SUPPLIED MATERIAL:

= = = = =

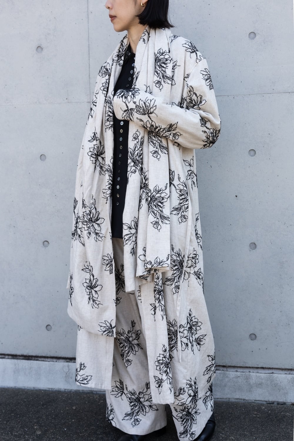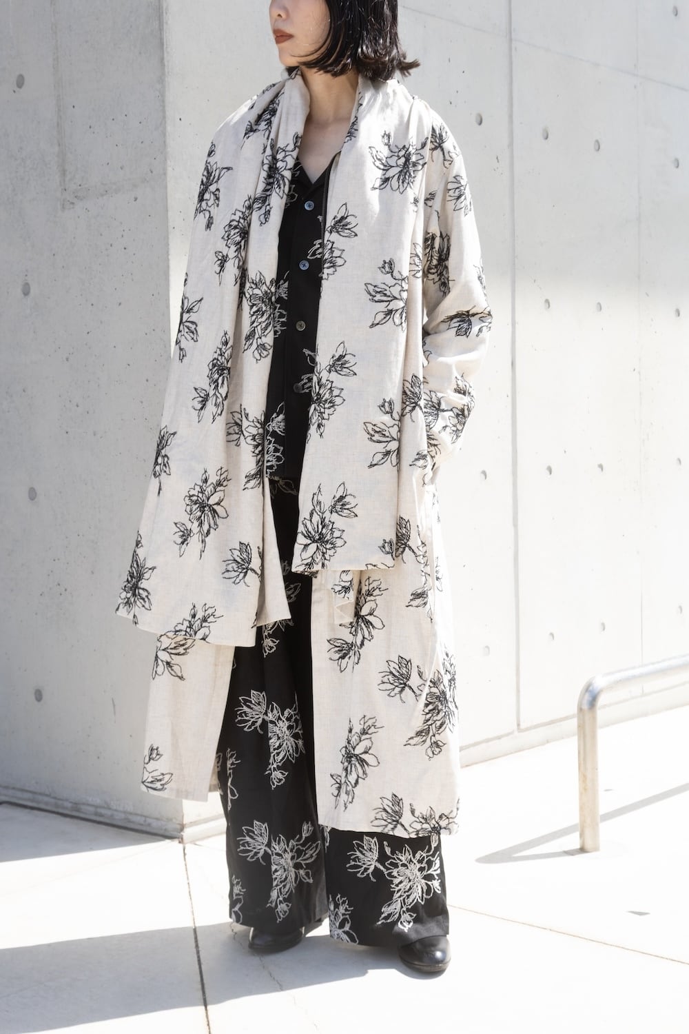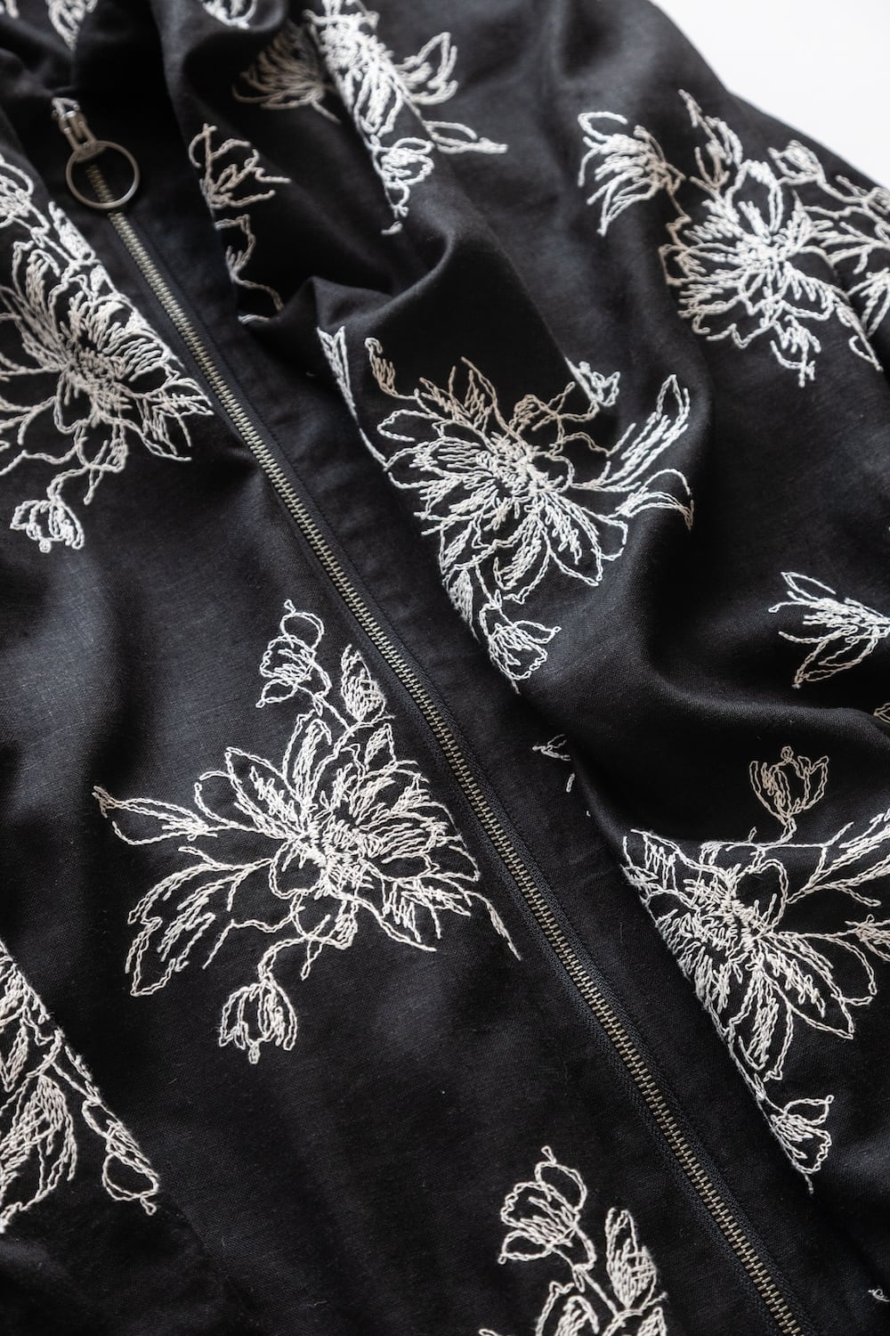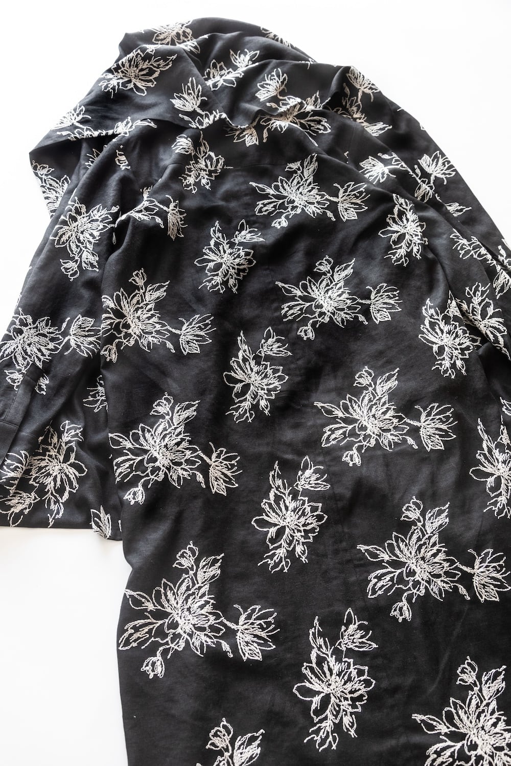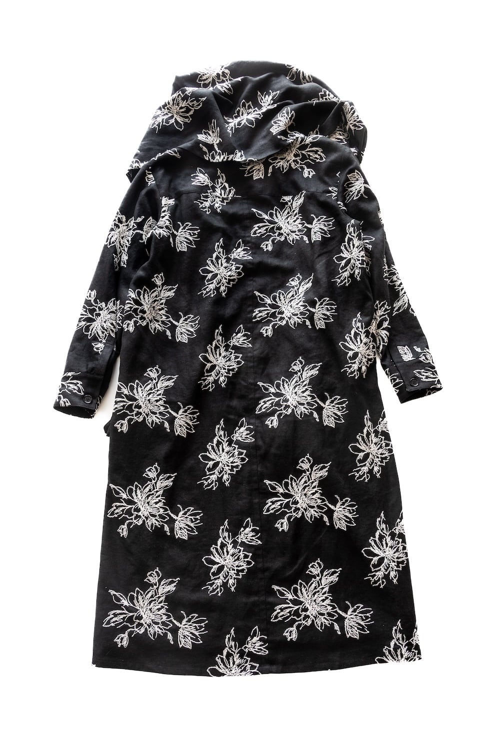 今回はブラックのレーヨン×リネン生地に手書き風のお花の刺繍が沢山施された1着。
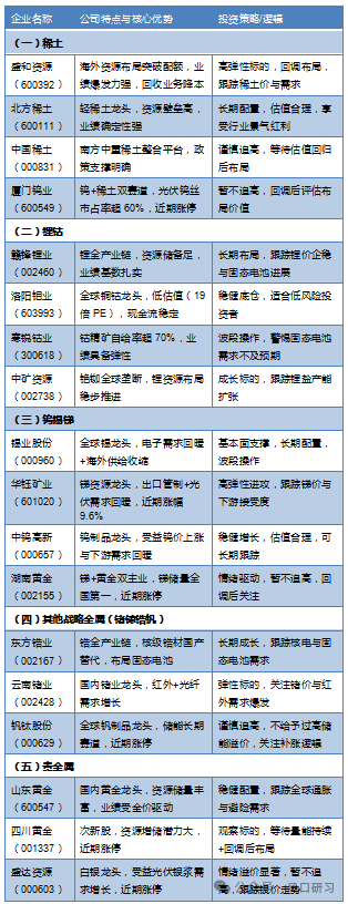 从涵盖范围来看,主要包括三大类:一是战略金属(稀土、锂、钴、锑、锗、镓等),二是贵金属(黄金、白银等),三是其他稀缺矿产(钨、锡、锆等)。
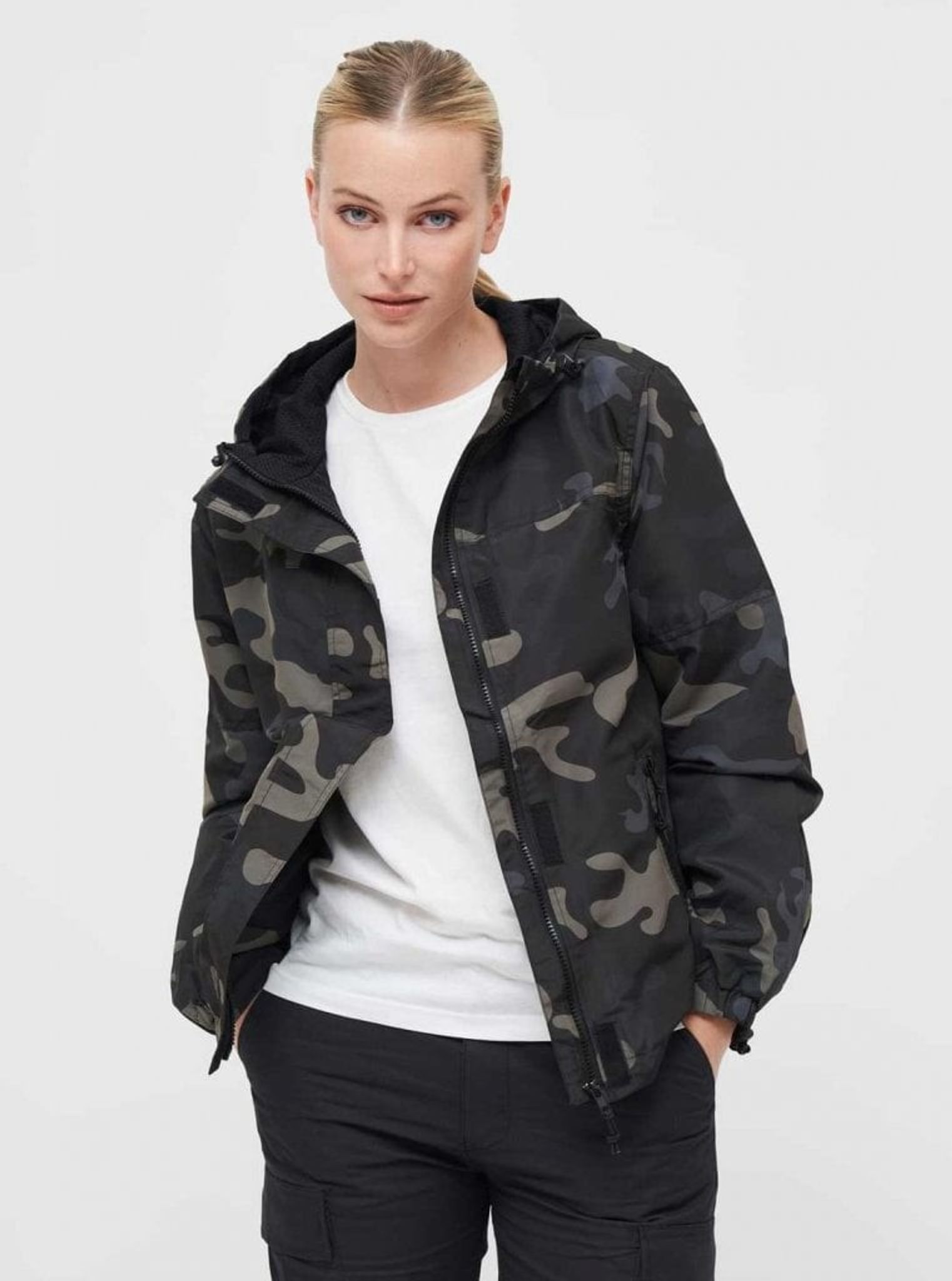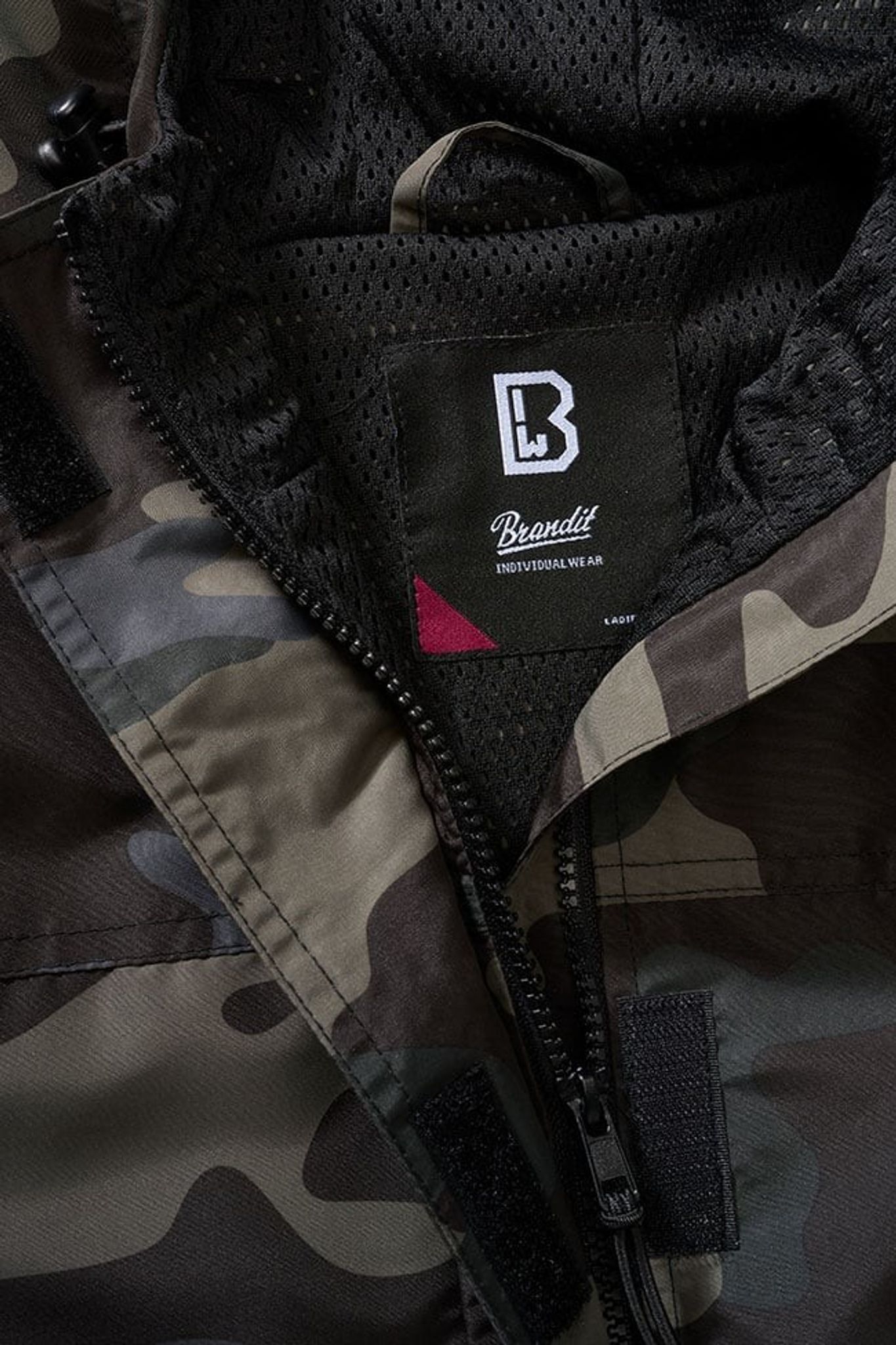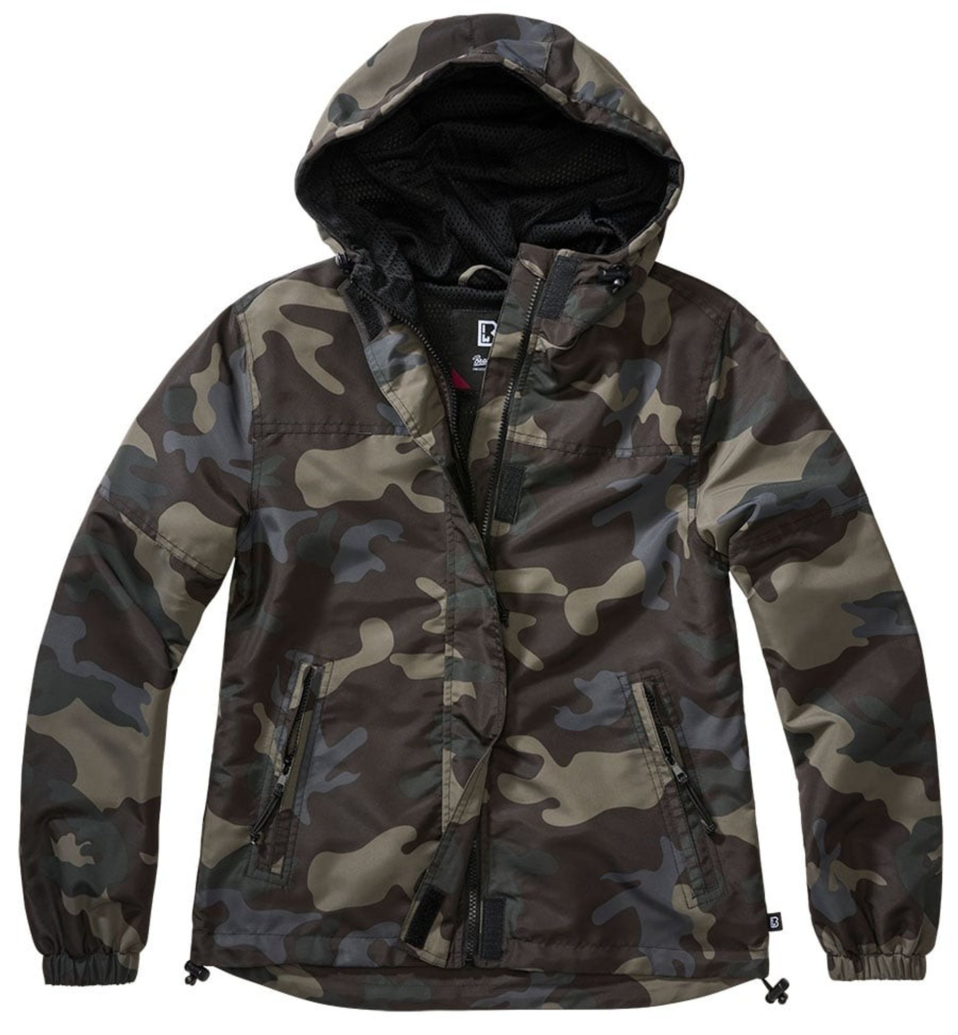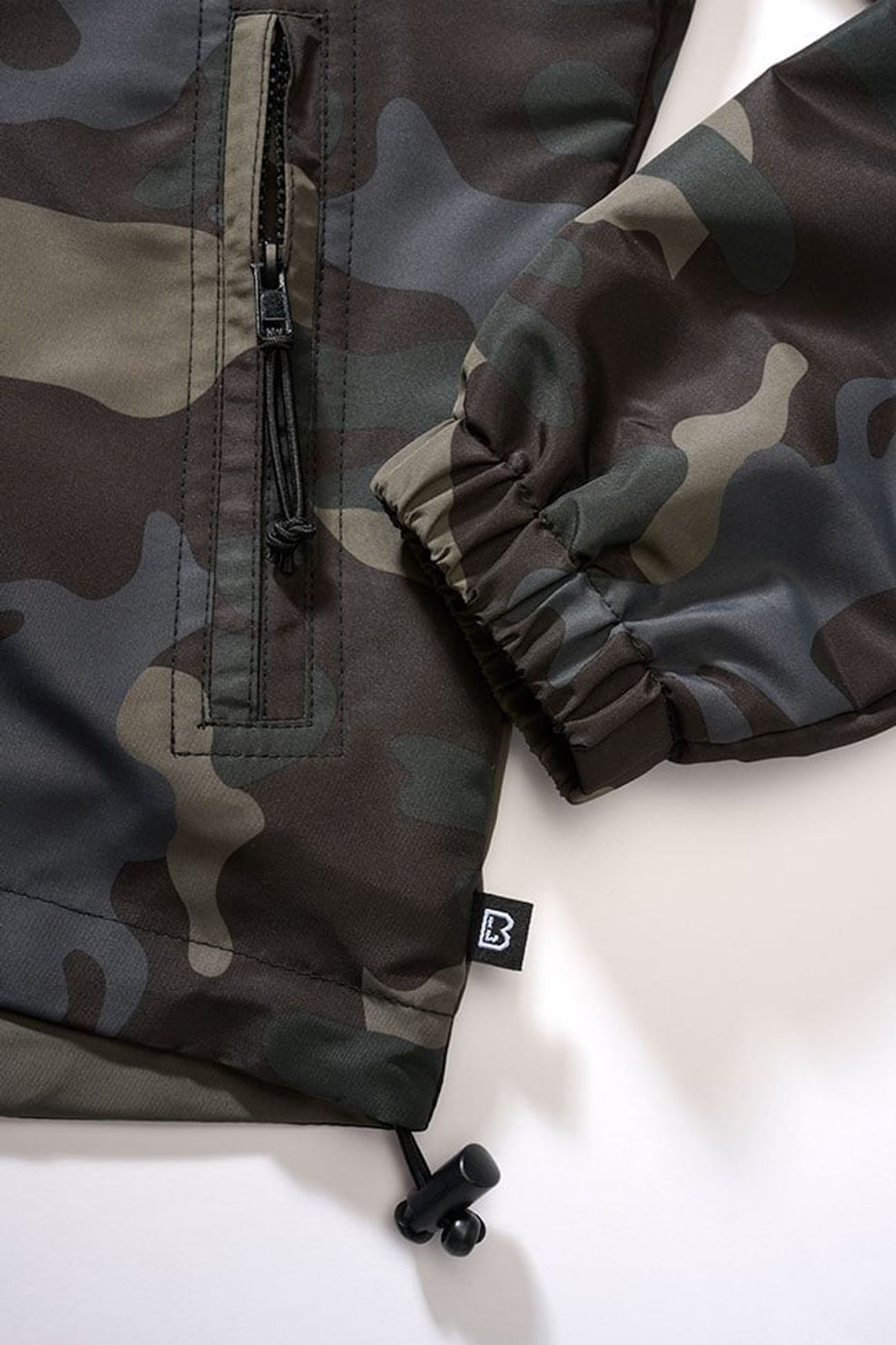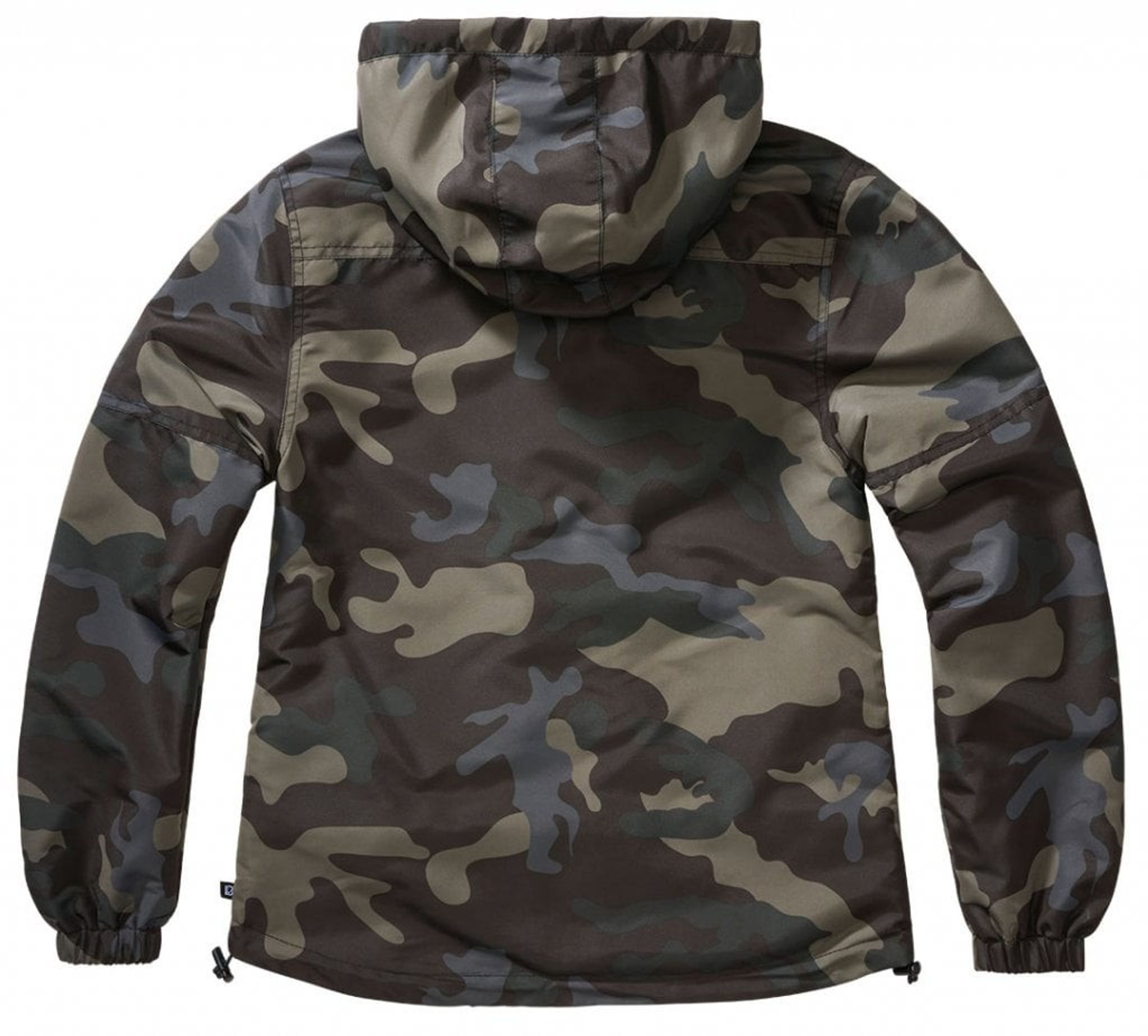 En vindjacka i diskreta darkcamo och med ett tyg som är både vatten- och vindavvisande. Jackan är försedd med elastiska muddar i ärmsluten och dragsko i huvan.

= = = = =

AIM OF THE TASK:
Repeat the listing in full and to the letter, excluding every image.

RESULT:
 今回はブラックのレーヨン×リネン生地に手書き風のお花の刺繍が沢山施された1着。
 从涵盖范围来看,主要包括三大类:一是战略金属(稀土、锂、钴、锑、锗、镓等),二是贵金属(黄金、白银等),三是其他稀缺矿产(钨、锡、锆等)。
 En vindjacka i diskreta darkcamo och med ett tyg som är både vatten- och vindavvisande. Jackan är försedd med elastiska muddar i ärmsluten och dragsko i huvan.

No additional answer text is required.